# THE PROBLEM
Reproduce every record below exactly as written, but leave out any pictures.

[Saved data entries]
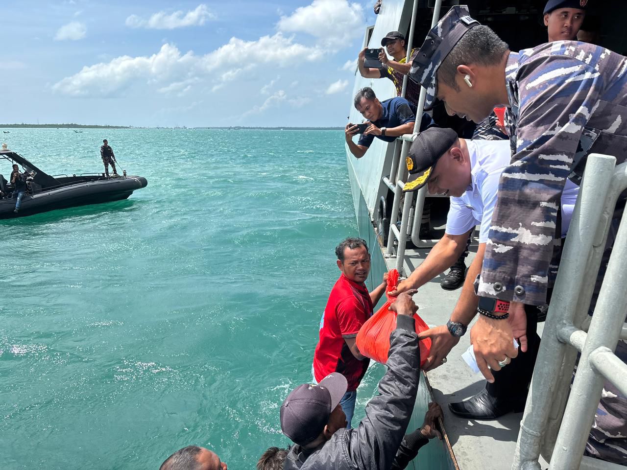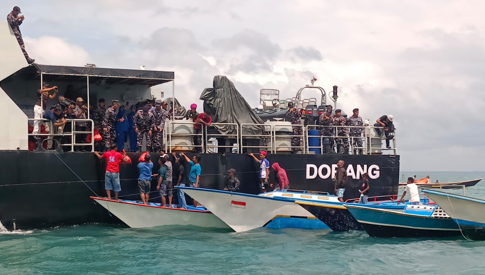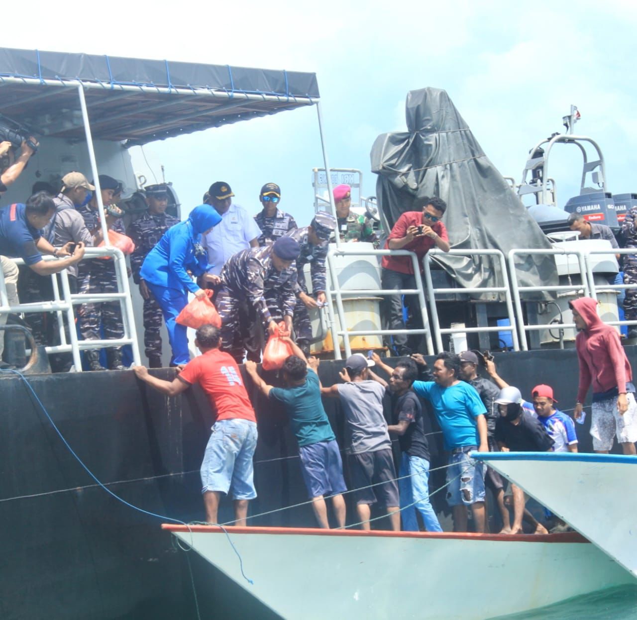 Kepulauan Aru – TNI AL mendistribusikan bantuan paket sembako kepada puluhan nelayan yang mendekati KRI Dorang-874 saat melaksanakan lego jangkar di perairan belakang Pulau Wamar, Kepulauan Aru, Rabu (4/3).
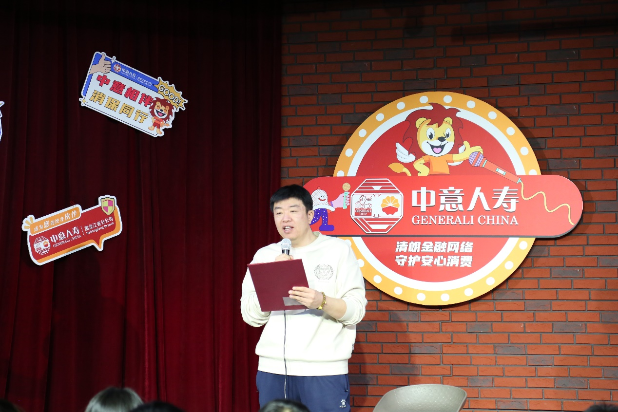 分公司总经理助理邵慧宇登台致辞,向现场的新就业群体代表及新老客户们致以诚挚问候,围绕公司消保工作理念、践行的社会责任与服务初心,传递出中意人寿始终将守护金融消费者合法权益放在首位,用心做好金融消保服务、筑牢金融消费安全屏障的坚定决心。
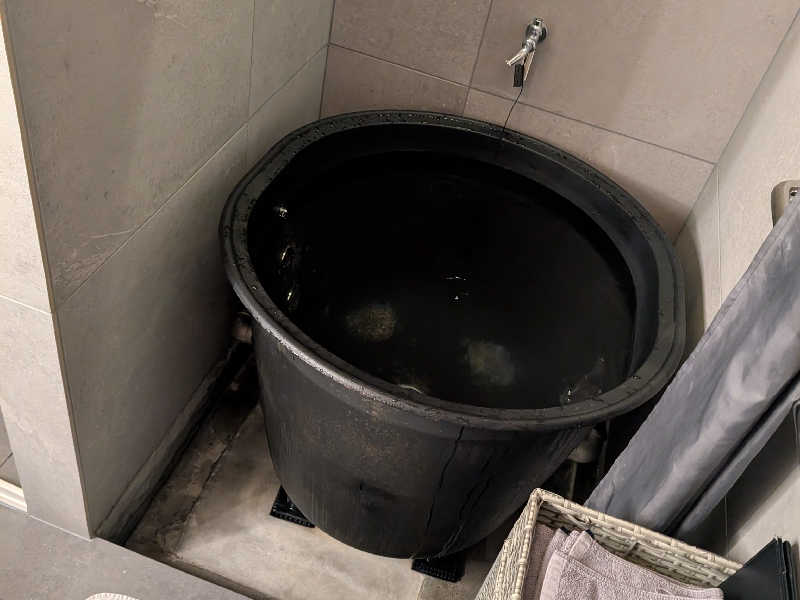後ろ側からダバダバ溢れた分は給水されるので遠慮なく。ジェットのおかげで一気に身体が冷却されていった。室内のエアコンは温度を変えられないので水風呂後ちょっと寒く感じるけど2セット目以降気にならなくなった。
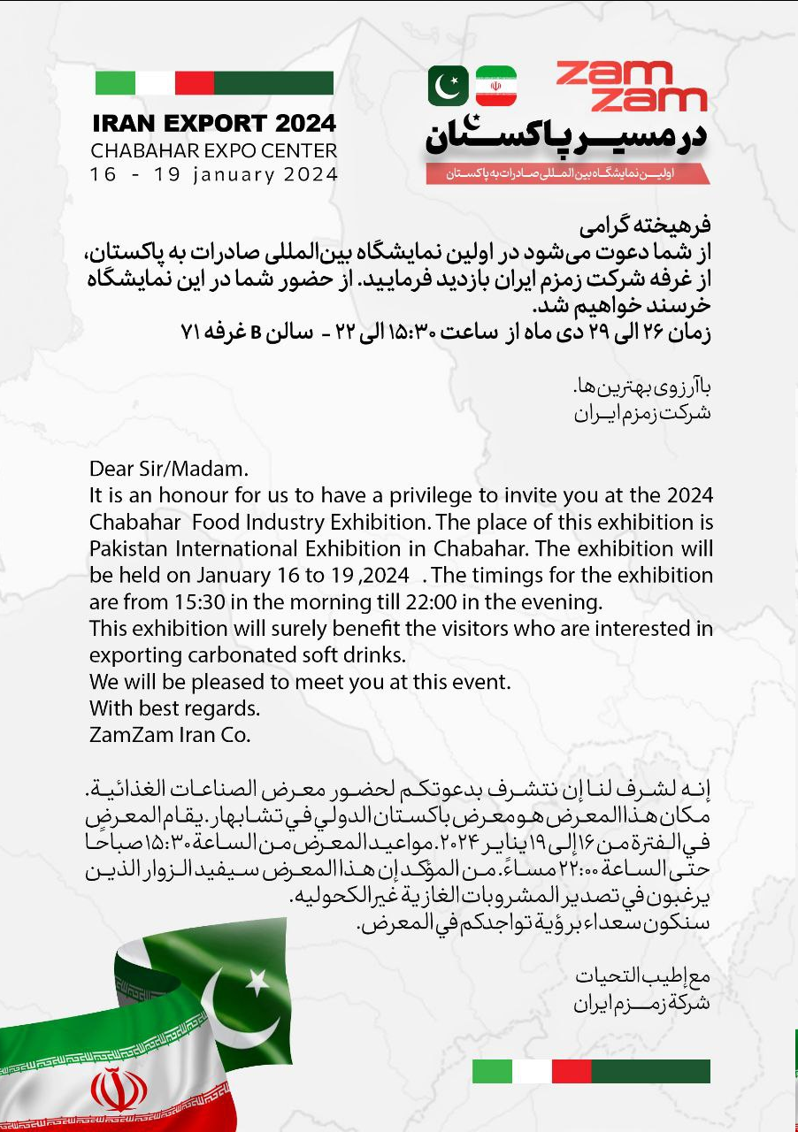 حضور زمزم در اولین نمایشگاه بینالمللی توانمندیهای صادراتی ایران به پاکستان
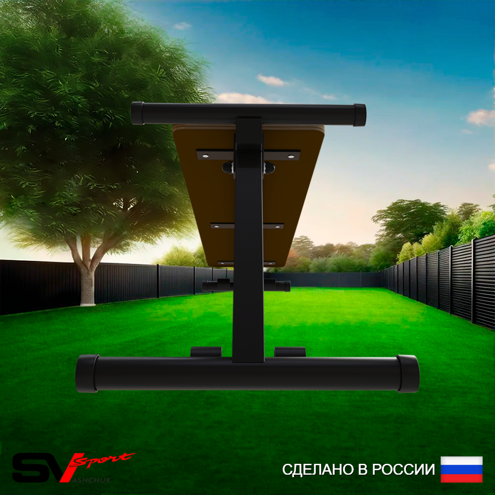 Скамья для пресса и жима Sv Sport к уличной шведской стенке изготовлена из профильной трубы 40 х 40 мм, толщиной от 2 до 4 мм, круглой трубы D42 мм, толщиной 3,2 мм. Лежак изготовлен из высококачественной ламинированной, березовой фанеры, покрытой специальным материалом, пропитанной смолами, которая в процессе производства приобретает свойства защитной пленки. Характеризуется высокой износостойкостью, сопротивляемостью воздействия агрессивных сред, прочностью, твердостью поверхности, повышенной влагостойкостью, защитой от скольжения, устойчивостью к перепадам температуры от -40 до +40°С. Окрашены качественной, импортной порошковой краской в 2 этапа, устойчивой к коррозии, истиранию и температурным перепадам. Все торцы, болты, гайки заглушены пластиковыми заглушками.
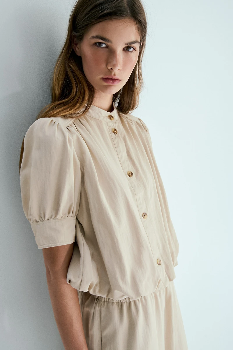 Blouse in soft twill with a bubble hem for a puffy silhouette. Band collar, buttons at front, and a gathered yoke at back. Forward-facing shoulder seams and short puff sleeves with button at cuffs.
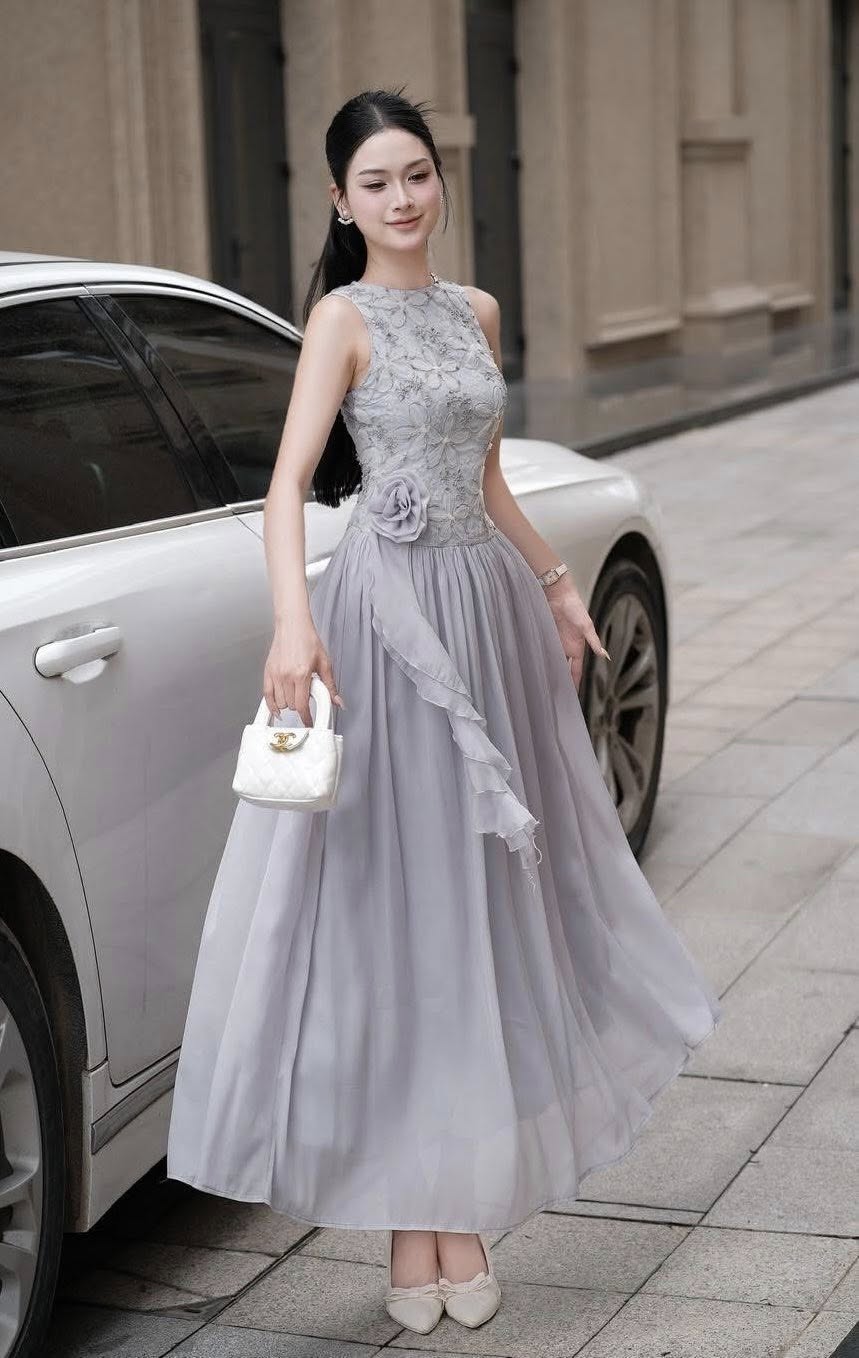 ĐẦM XÒE DÁNG DAI TRỄ VAI KÈM TAG ĐÁ

# WRITTEN SOLUTION
 Kepulauan Aru – TNI AL mendistribusikan bantuan paket sembako kepada puluhan nelayan yang mendekati KRI Dorang-874 saat melaksanakan lego jangkar di perairan belakang Pulau Wamar, Kepulauan Aru, Rabu (4/3).
 分公司总经理助理邵慧宇登台致辞,向现场的新就业群体代表及新老客户们致以诚挚问候,围绕公司消保工作理念、践行的社会责任与服务初心,传递出中意人寿始终将守护金融消费者合法权益放在首位,用心做好金融消保服务、筑牢金融消费安全屏障的坚定决心。
後ろ側からダバダバ溢れた分は給水されるので遠慮なく。ジェットのおかげで一気に身体が冷却されていった。室内のエアコンは温度を変えられないので水風呂後ちょっと寒く感じるけど2セット目以降気にならなくなった。
 حضور زمزم در اولین نمایشگاه بینالمللی توانمندیهای صادراتی ایران به پاکستان
 Скамья для пресса и жима Sv Sport к уличной шведской стенке изготовлена из профильной трубы 40 х 40 мм, толщиной от 2 до 4 мм, круглой трубы D42 мм, толщиной 3,2 мм. Лежак изготовлен из высококачественной ламинированной, березовой фанеры, покрытой специальным материалом, пропитанной смолами, которая в процессе производства приобретает свойства защитной пленки. Характеризуется высокой износостойкостью, сопротивляемостью воздействия агрессивных сред, прочностью, твердостью поверхности, повышенной влагостойкостью, защитой от скольжения, устойчивостью к перепадам температуры от -40 до +40°С. Окрашены качественной, импортной порошковой краской в 2 этапа, устойчивой к коррозии, истиранию и температурным перепадам. Все торцы, болты, гайки заглушены пластиковыми заглушками.
 Blouse in soft twill with a bubble hem for a puffy silhouette. Band collar, buttons at front, and a gathered yoke at back. Forward-facing shoulder seams and short puff sleeves with button at cuffs.
 ĐẦM XÒE DÁNG DAI TRỄ VAI KÈM TAG ĐÁ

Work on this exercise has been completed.